[Biococoa-dev] Fwd: [Bioinformatics.Org] NEW FEATURE: Subversion (SVN) version control system for projects
Peter Schols
peter.schols at bio.kuleuven.be
Wed Feb 8 17:39:42 EST 2006
Great news from bioinformatics.org!
Begin forwarded message:
> From: root at primary.bioinformatics.org (Bioinformatics.Org Sysadmin)
> Date: Wed 8 Feb 2006 19:47:53 GMT+01:00
> To: peter.schols at bio.kuleuven.ac.be
> Subject: [Bioinformatics.Org] NEW FEATURE: Subversion (SVN) version
> control system for projects
>
> (You were sent this message because you are an administrator of a
> project hosted, archived or listed at Bioinformatics.Org, or
> because you simply have a shell account on our servers.)
>
> Dear Bioinformatics.Org project administrator,
>
> We're pleased to announce another addition to the services offered
> to bioinformatic developers at Bioinformatics.Org. Effective
> immediately, developers may use the Subversion (SVN) version
> control system on our servers. Subversion was developed "to take
> over the CVS user base," according to the Subversion website.
> "Specifically, we're writing a new version control system that is
> very similar to CVS, but fixes many things that are broken." Here
> are a few of the advantages of using Subversion over CVS (from the
> website):
>
> * Directories, renames, and file meta-data are versioned.
>
> Lack of these features is one of the most common complaints
> against CVS.
> Subversion versions not only file contents and file existence,
> but also
> directories, copies, and renames.

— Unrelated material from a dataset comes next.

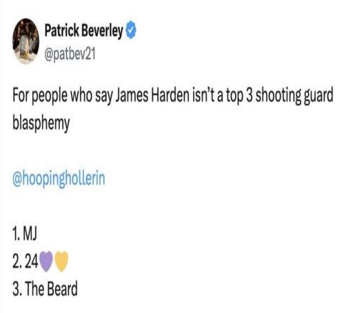 贝弗利写道:“那些说哈登不是同盟前三得分后卫的人简直是亵渎神明 。”

It also allows arbitrary
> metadata
> ("properties") to be versioned along with any file or
> directory, and
> provides a mechanism for versioning the `execute' permission
> flag on files.
>
> * Commits are truly atomic.
>
> No part of a commit takes effect until the entire commit has
> succeeded.
> Revision numbers are per-commit, not per-file; log messages are
> attached
> to the revision, not stored redundantly as in CVS.
>
> * Versioning of symbolic links
>
> Unix users can place symbolic links under version control. The
> links are
> recreated in Unix working copies, but not in win32 working copies.
>
> * Efficient handling of binary files
>
> Subversion is equally efficient on binary as on text files,
> because it uses
> a binary diffing algorithm to transmit and store successive
> revisions.
>
> Subversion at Bioinformatics.Org makes use of svnserve over SSH for
> developer access (anonymous access uses ordinary svnserve).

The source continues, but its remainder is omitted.